The rest of software can be a combination of all of the above mentioned like the infamous rootkits, which are very difficult to detect. Thus we have collection, prevention, detection and response mechanisms to deal with these malware maladies; a series of “anti-thesis” have been created for the purpose of responding to the imminence of viruses and retroviruses exploits: Therefore, we have antivirus in their many flavors and varieties, e.g. we are in the four generation of antivirus, being the latest mechanisms used by them Generic Decryption [GD], Digital Immune System technology [DIS] (Propose by IBM), GD is employed to protect polymorphic Viruses (Pflegeer & Pflegeer, 2003, Göran, Kaj & Peik, 2003, Panko, 2004). Recently antivirus programs are classified accordingly to what they are geared to protect, there are antivirus to protect gateways and firewalls, and files and database servers, and as always end users programs, operating systems and files. Figure 1 below show the classification according to the level of security that antivirus offer:
Figure 1 - Defense lines in antivirus protection (Göran, Kaj & Peik, 2003)

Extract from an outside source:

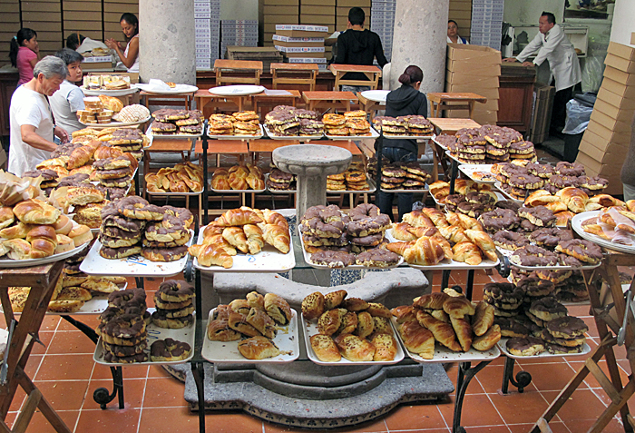 Our tour took in three bakeries, all within a few blocks on Calle 16 de septiembre in Mexico City's Centro Histórico. Pan Segura is the smallest of the three, barely big enough for four or five people to shop for bread at the same time. Pastelería El Molino, just down the street, has been in business since 1918 and was purchased first by Carlos Slim Helú's Panadería El Globo and then was sold to Grupo Bimbo, a giant international wholesale bread-baking concern which bought both bakeries in 2005.

Firewalls protect the enterprise network at the perimeter, i.e. at the border, thus is a mechanism of defense that separates the network from the rest of the world, there are three common types of Firewalls: Packet-filtering router, application-level gateway or proxy server and circuit-level gateway external network-based security threats (Basta, 2007, Panko, 2004).
There are main two implementation of cryptography for networking security at the network layer level the IPSec and the Transport layer the TLS/SSL, proposed by the Internet Engineering Task Force, [IETF]. At the moment, IPSec is used mainly for Virtual Private Networks [VPN] but this could change as Secure Domain Name System or DNSSEC is earning acceptance (Göran, Kaj & Peik, 2003). The IETF standard Transport Layer Security [TLS] and Secure Socket layer [SSL] is used primarily for securing data communication carried on Hypertext Transfer Protocol [HTTP]. This Lead us to Web security and eCommerce security, were there are two main types of services to ponder transaction and access level security: thus we have the following mechanisms: HTTPS, the SSL Secured HTTP Protocol, the S-HTTP, Secure Hypertext Transfer Protocol, and the PCT, Private Communication Technology. Security administration counts with many programs for alerting, collecting, preventing and responding to incidents or events, like the so-called Intrusion Detection Systems [IDS] and the Intrusion Prevention Systems [IPS] (Panko, 2004).
Conclusion
Software, in their many manifestations, whereas in RFID, as Operating Systems or Network Protocols or like applications, is the means to produce information and for such to increase our knowledge and skills to solve our problems. As information is centric for our survival, so it is software as well.
References
Azari, R. (2003). Current Security Management & Ethical Issues of Information Technology. Hershey , PA , USA : Idea Group Inc., 2003. Retrieved January 20, 2008, from, http://wf2dnvr5.webfeat.org:80/8i3HJ1828/url=http://site.ebrary.com/lib/cecybrary/Doc?id=10032091&ppg=18.
Basta, A. & Halton, W. (2007 August). Computer Security and Penetration Testing. Boston , Massachusetts : Course Technology, Thomson Learning, Inc.
Bellovin, S.M. (1989). Security Problems in the TCP/IP Protocol Suite. Murray Hill , New Jersey : AT&T Bell Laboratories. Retrieved January 20, 2008, from http://www.cs.columbia.edu/~smb/papers/ipext.pdf.
Birkholz, E. P. (2003). Special Ops: Host and Network Security for Microsoft, UNIX, and Oracle. Rockland , MA , USA : Syngress Publishing Retrieved January 20, 2008, from http://wf2dnvr3.webfeat.org:80/nDEHJ1268/url=http://site.ebrary.com/lib/cecybrary/Doc?id=10023441&ppg=27.
Cisco IOS Security Configuration Guide Release 12.4. (2006 July 29). Corporate Headquarters. San Jose , CA : Cisco System, Inc. Retrieved January 20, 2008, from http://www.cisco.com/application/pdf/en/us/guest/products/ps6350/c2001/ccmigration_09186a00804f229a.pdf.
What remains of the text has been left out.